## Given information

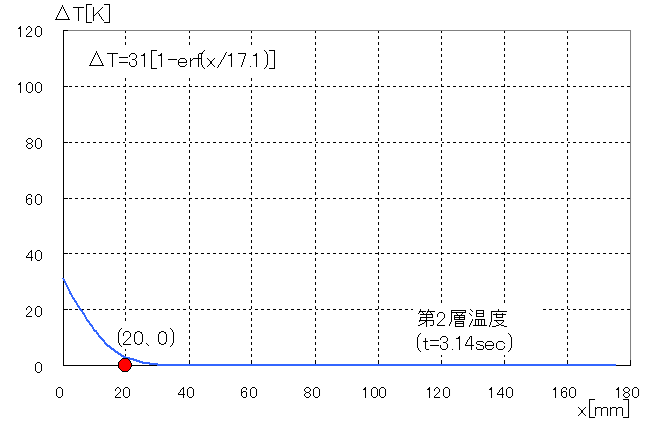 (境界層と第2層の境界面では最初0[K]が10.5秒後には62[K]に到達するという状況です)
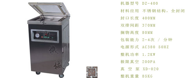 該包裝機(jī)為半自動(dòng)真空設(shè)備,只需按下真空蓋即自動(dòng)按程完成真空、封口、印字、冷卻、排氣的全過(guò)程。適用于各類食品、藥品、瓜子、土特產(chǎn)、雜糧、臘肉、水產(chǎn)品、熟食、咸魚、咸鴨蛋、大米、燒雞、蝦仁、甜玉米、牛肉干、化工原料等各種固體、粉狀、糊狀、液體,電子產(chǎn)品(半導(dǎo)體、電路板、電子成品等)及機(jī)金屬加工件的真空包裝,以防潮、防氧化變色。經(jīng)過(guò)包裝的瓜子或者其它的產(chǎn)品可防止氧化,霉變、蟲蛀、受潮,可保質(zhì)、保鮮延長(zhǎng)產(chǎn)品儲(chǔ)存期限。
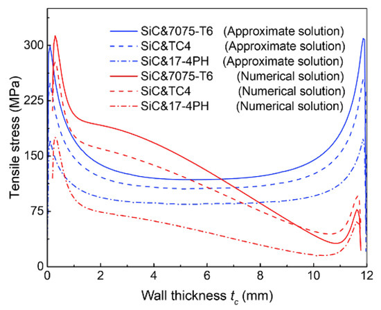 The linearized distribution of the tensile stress on the ceramic contact surface along the wall thickness direction is shown in Figure 8, Figure 9 and Figure 10, where rc = 0 represents the boundary of r = ri. Figure 8, Figure 9 and Figure 10 show the results of three groups of SiC ceramic pressure housings, three groups of Al2O3 ceramic pressure housings, and three groups of Si3N4 ceramic pressure housings, respectively. The results of the approximate model (κ = 2.97) and FEM simulations indicate that the smaller the difference in Young’s modulus of the materials, the lower the tensile stress on the ceramic contact surface. In addition, there are concentrations of tensile stress near the two boundaries of the ceramic contact surface. It can also be concluded that the most likely region of failure is near the inner boundary of the ceramic shell.
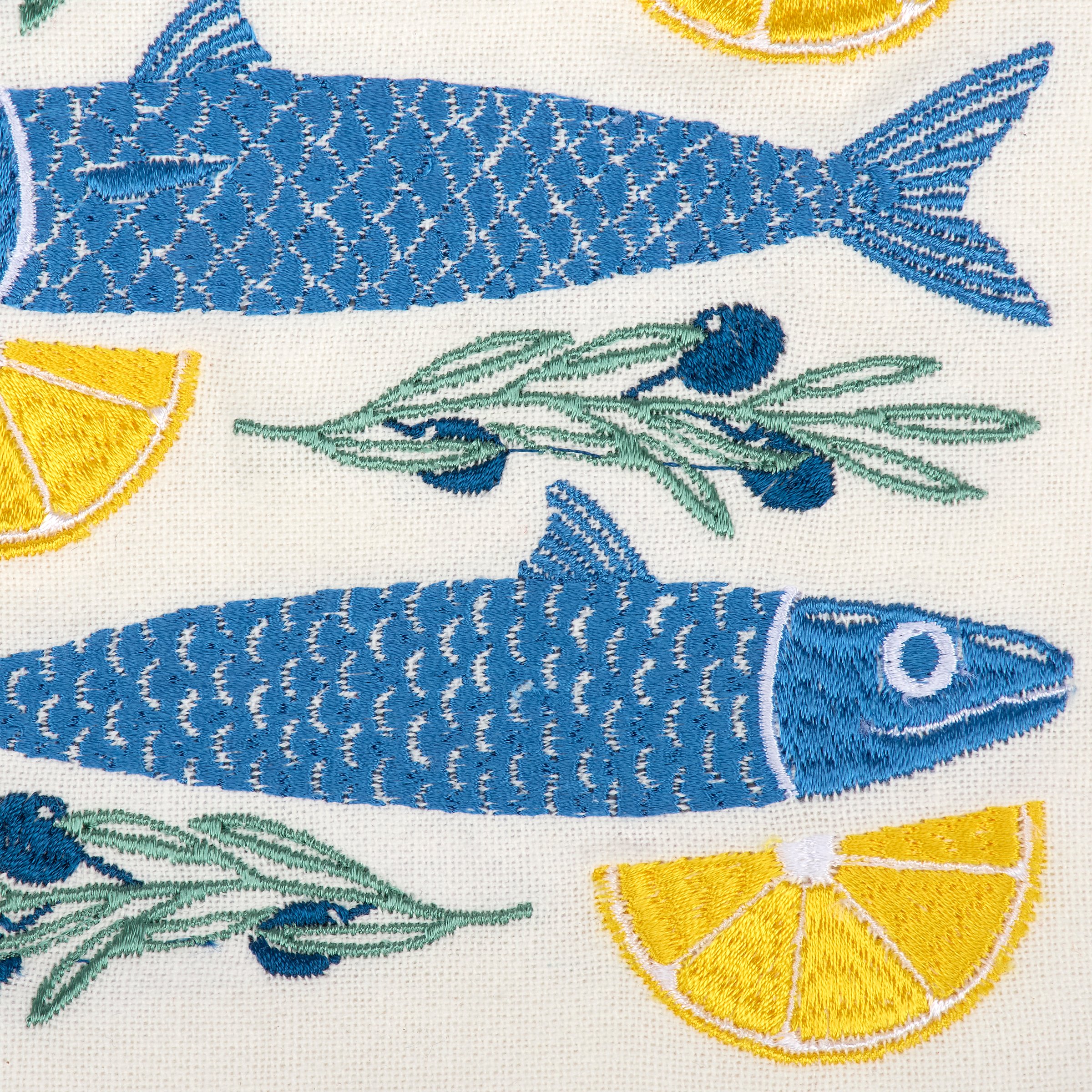 A cotton kitchen towel from our Beach Collection featuring embroidered designs of sardines with lemons and garnish inspired by Italian Coastal style. Our Sardines kitchen towel is conveniently machine-washable for easy cleaning. Coastal kitchen towel is packaged on a clear plastic hanger to easily display on rack. A beach themed kitchen accessory perfect for everyday use.
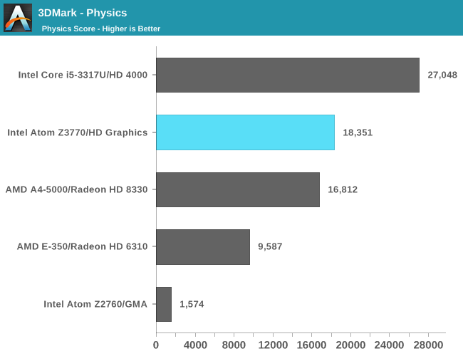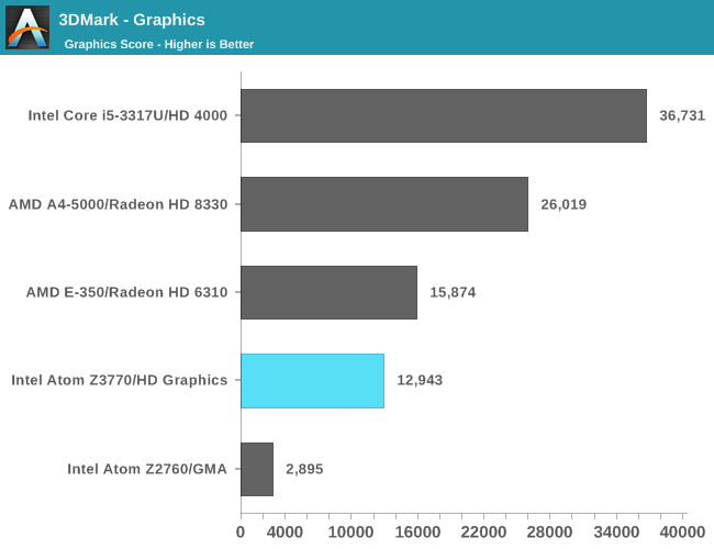 3DMark图形得分:这才是考验GPU的,结果完全不低AMD上代低功耗APU,差了足有18%,同时比Z2760提升了4.5倍,完全符合Intel宣传的,但是该哭还是该笑呢?
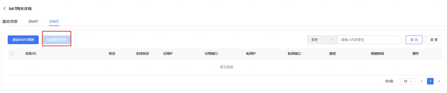 单击【DNAT】页签,选择需要删除的DNAT规则,单击上方的【批量删除规则】,弹窗提示点击【确认】,即可删除DNAT规则,删除后立即生效,对应子网无法通过DNAT访问公网。

## About this task
The lines from the one containing "A cotton kitchen" to the end of the material must be output exactly, both ends included; no picture may appear.

## Answer for the task
 A cotton kitchen towel from our Beach Collection featuring embroidered designs of sardines with lemons and garnish inspired by Italian Coastal style. Our Sardines kitchen towel is conveniently machine-washable for easy cleaning. Coastal kitchen towel is packaged on a clear plastic hanger to easily display on rack. A beach themed kitchen accessory perfect for everyday use.
 3DMark图形得分:这才是考验GPU的,结果完全不低AMD上代低功耗APU,差了足有18%,同时比Z2760提升了4.5倍,完全符合Intel宣传的,但是该哭还是该笑呢?
 单击【DNAT】页签,选择需要删除的DNAT规则,单击上方的【批量删除规则】,弹窗提示点击【确认】,即可删除DNAT规则,删除后立即生效,对应子网无法通过DNAT访问公网。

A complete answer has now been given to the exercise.